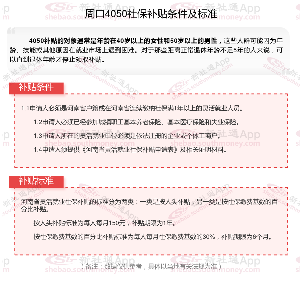 二、周口4050社保补贴标准及条件2025年,最新如下
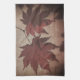 A faint script under fallen, autumn, japanese maple leaves. They come in four colour schemes.. Natural yet elegant.
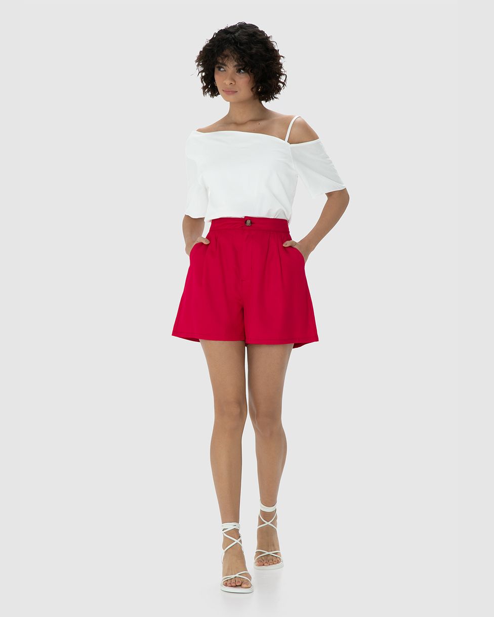 Shorts Feminino Alfaiataria Bolso Faca Em Crepe - ENFIM
■ ■ ■
[WHAT YOU NEED TO DO] Write out an exact copy of the lines beginning at the line that contains "A faint script" and ending at the last line of the listing. Exclude pictures.

[SOLUTION FOR THIS PROBLEM]
 A faint script under fallen, autumn, japanese maple leaves. They come in four colour schemes.. Natural yet elegant.
 Shorts Feminino Alfaiataria Bolso Faca Em Crepe - ENFIM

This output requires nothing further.